Freda fills the void with a trembling answer. "Tom was as gentle as he could be. We did give them a little trouble, I'm afraid. Or rather, Dane did."
Mayer gives me the briefest of glances, and I can see his mind working hard, analyzing what's just happened. It's only momentary, though, and his face softens into a smile.
"Well, well, that would be only natural, wouldn't it? We're all human beings, after all, and that makes us fear things that are different from ourselves." He releases our hands. "Please, sit. Be comfortable. We need to talk."
I sink in silence into my seat, as does Freda. She slips her hand back to where it was before, but I don't take it. I clasp my own hands together on my lap and lean back in the chair, keeping my gaze on Mayer. Freda sits up, rigid and tense. As smart as she is, she has never sparred with Baddock. I want to comfort her, but there's just too much at stake.
In a swift, graceful motion, Tom retrieves another chair from the shadows and positions it directly behind Mayer, who sits as if it had been there the whole time. Mayer ignores Tom as he returns to my side, once again my servant-guard.
"And so, my friends, let us start with introductions." May
er leans back in his chair and crosses his legs. He's wearing yellow pants under his robe. "As I am now your host, it is only fitting that I should introduce myself first. Or, perhaps... you already have guessed who I am?" He looks from me to Freda again, an impish grin curling the corners of his pale lips.
"You are Fobrasse, of course," Freda says, her voice clear and not so trembly now. "Mayor of Subterra."
I try to keep a confident, smug expression on my face as if I knew this all along, too.
"Ha! Very good, my dear. You do pay attention to details, don't you?" He leans forward and pats her hand in a gesture not unlike giving a treat to a dog who performed a small trick. "Now, Dane, you can learn a thing or two from this one."

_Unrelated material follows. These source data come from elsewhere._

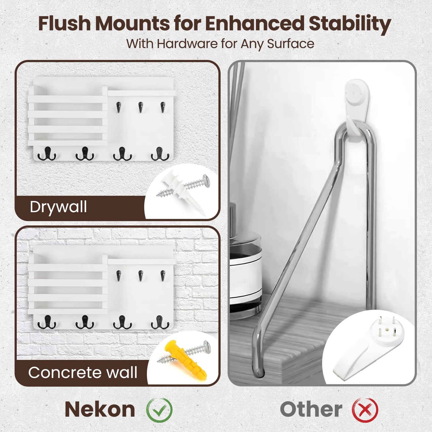 • INCLUDES MOUNTING HARDWARE so you can begin using your Nekon Mail and Key Holder for wall display at once. You will receive 3 concrete anchors, 3 drywall anchors and 3 screws for easy and reliable installation in minutes.
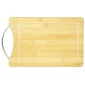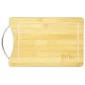 Crafted out of durable, eco-friendly Bamboo. Ideal for chopping, preparing, and serving. Perimeter groove keeps juices contained. Stainless steel handle for easy carrying. Hand wash recommended. Due to the natural variations in wood, boards can vary in color and pattern. 13" D x 7.75" W x 0.625" H
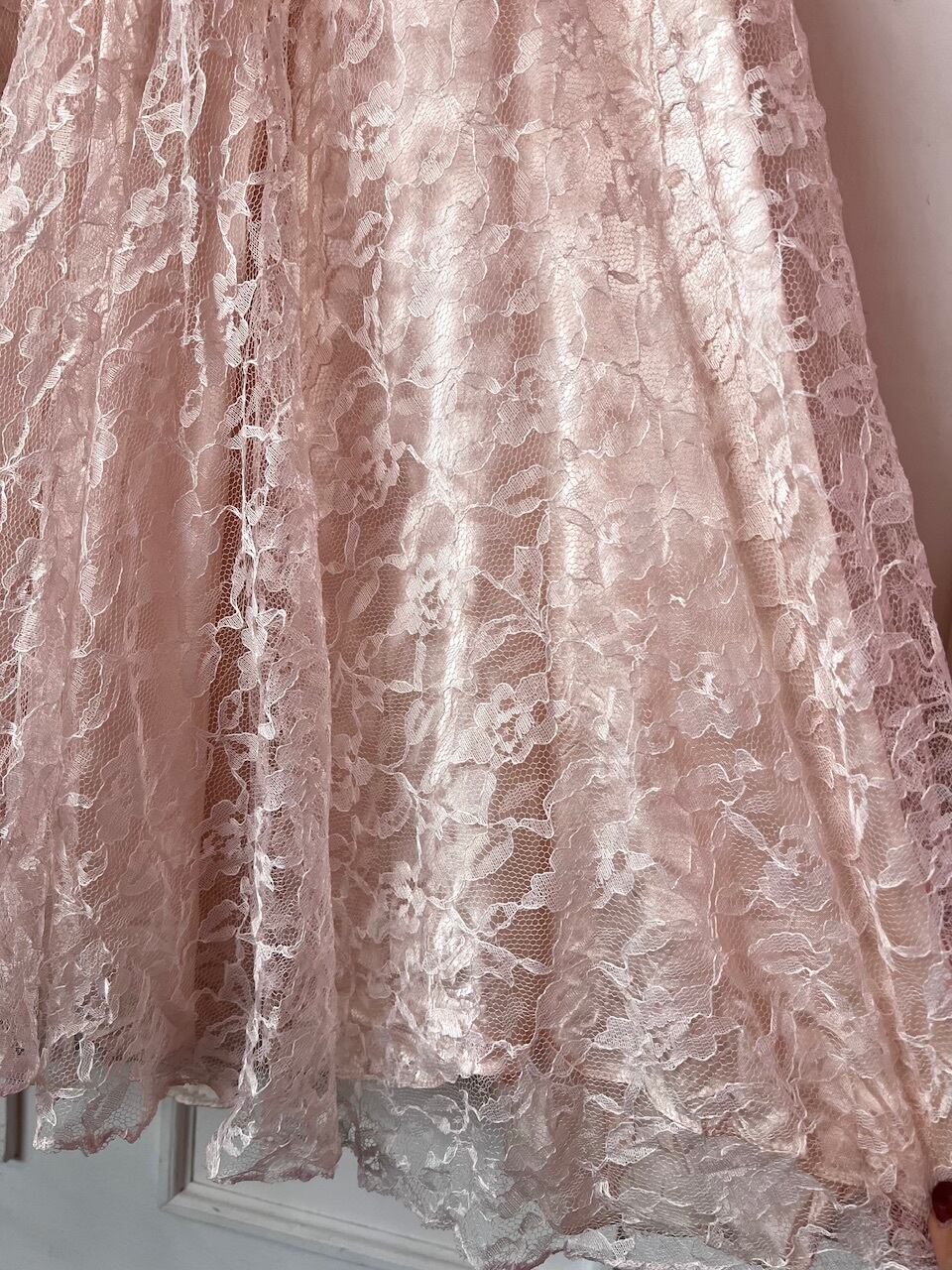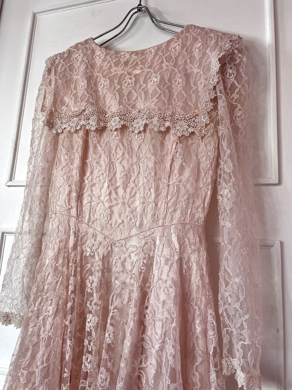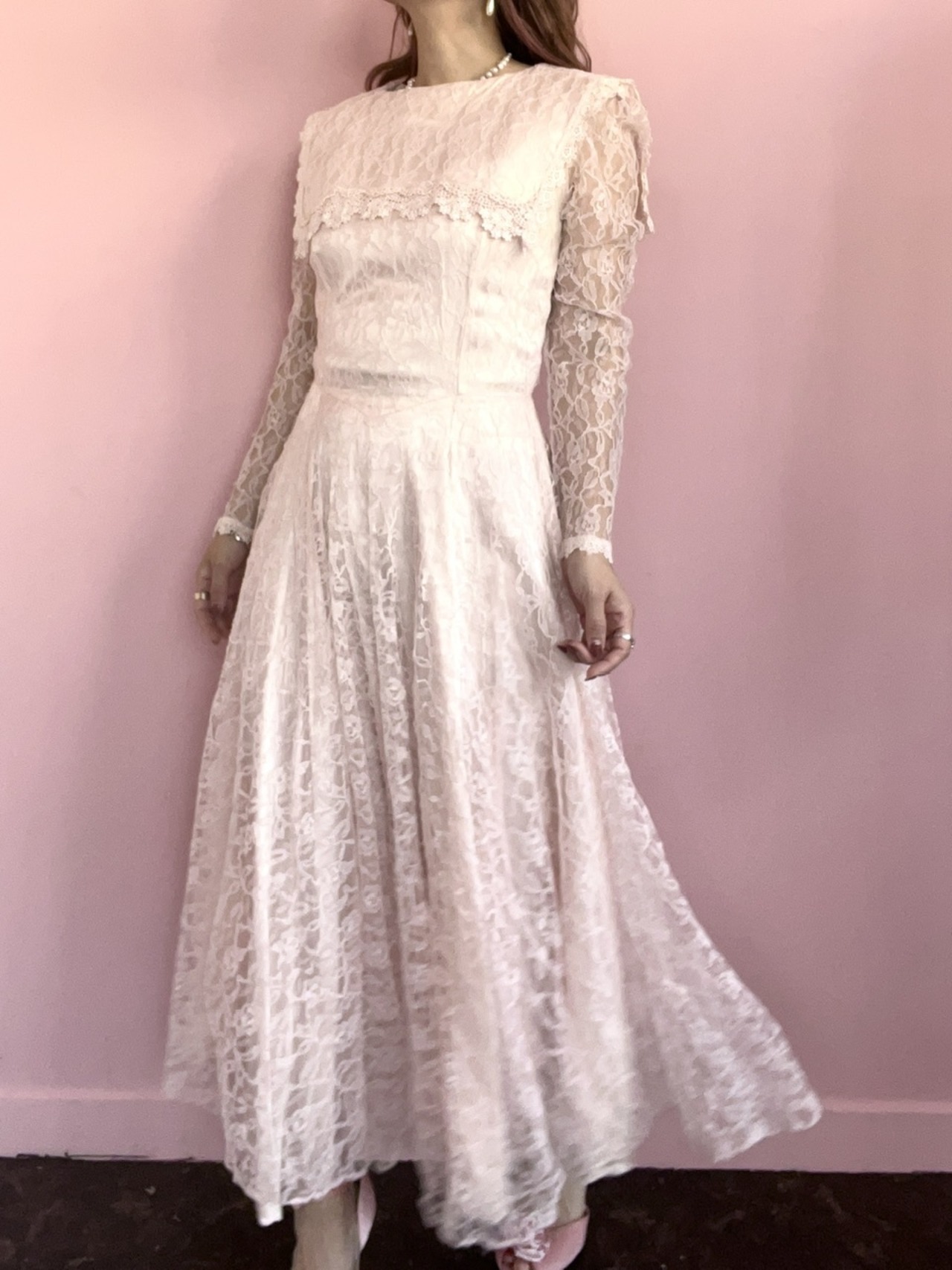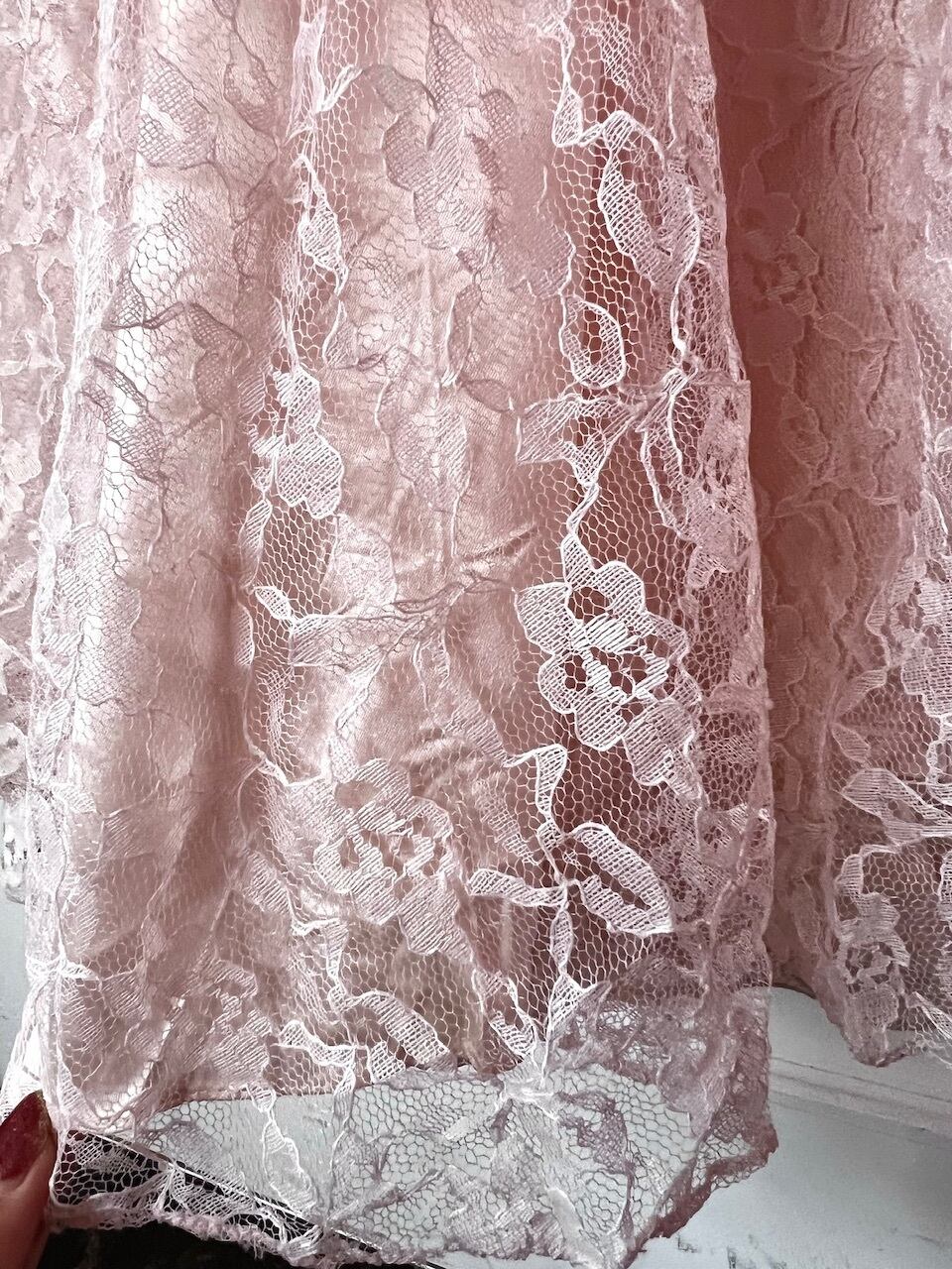 袖が透けるレースになっていて、ドリーミーなペールピンクの総レースドレス。
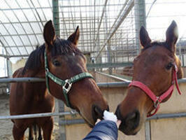 ラストランでも降っていた雪に興味を示すタッチデュール(左)。他の馬とも仲良しになった(ヴィゴラスステーブル提供)
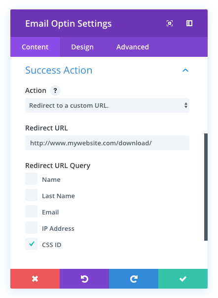 Bersama dengan opsi Pengalihan URL, Divi juga memungkinkan Anda untuk menangkap nama dan alamat email pengunjung dan memberikannya ke URL pengalihan sebagai argumen kueri URL sehingga Anda dapat memasukkan data tersebut ke sistem lain jika diperlukan.
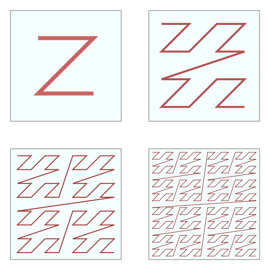 上图就是 Z 阶曲线。这个曲线比较简单,生成它也比较容易,只需要把每个 Z 首尾相连即可。

When he says this he stares pointedly into my eyes. But I know that Freda has already said my name, so he's just fishing. He doesn't know anything about me. And that's good. The longer he thinks Freda is in charge, the more time I'll have to figure out how to... what? Escape? Negotiate? No. Just figure out what the hell is going on. I just smile and nod along with the joke. Mayer—Fobrasse, I correct myself—has no idea how much I've already learned from Freda. It's difficult for me to keep my smug expression while I'm kicking myself inside for thinking his name was Mayer. Of course he's the mayor.
"And now, my dear, it seems you have the advantage of me. I am, I fear, the worst of hosts. I have guests and know nothing about them."

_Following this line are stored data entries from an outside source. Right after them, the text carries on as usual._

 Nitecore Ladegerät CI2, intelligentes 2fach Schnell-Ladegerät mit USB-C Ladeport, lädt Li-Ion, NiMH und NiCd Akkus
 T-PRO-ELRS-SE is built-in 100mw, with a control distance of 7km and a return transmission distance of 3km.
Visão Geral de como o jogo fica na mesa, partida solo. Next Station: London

Captives, I think. Not guests. Prisoners.
"You must fill me in so I can give you the hospitality you deserve."
Don't answer anything, I want to tell Freda. I want to shout it to her, want to signal that she needs to tell him nothing. The less he knows, the more power we retain. The more we tell him, the more he controls. But how could I expect her to understand that?
"My name is Freda Tailor, and I am a seamstress." She says this without any emotion or inflection, almost as if she were talking to a tree. "I did not perpetrate, however, the atrocious clothing we are both wearing now. Those were provided by the new First Wife of Southshaw at the time of our exile."
Fobrasse wasn't distracted by the talk of our clothes, though he showed polite amusement when Freda disavowed them. I never thought about how we look in these grubby, rough outfits. Freda could be a scrawny, twelve year old boy. I could be a stablehand. Fobrasse's golden robe nearly glows in the dim room. The way he blinked twice when Freda mentioned the new First Wife, it might be an advantage to hide who we really are, for now at least.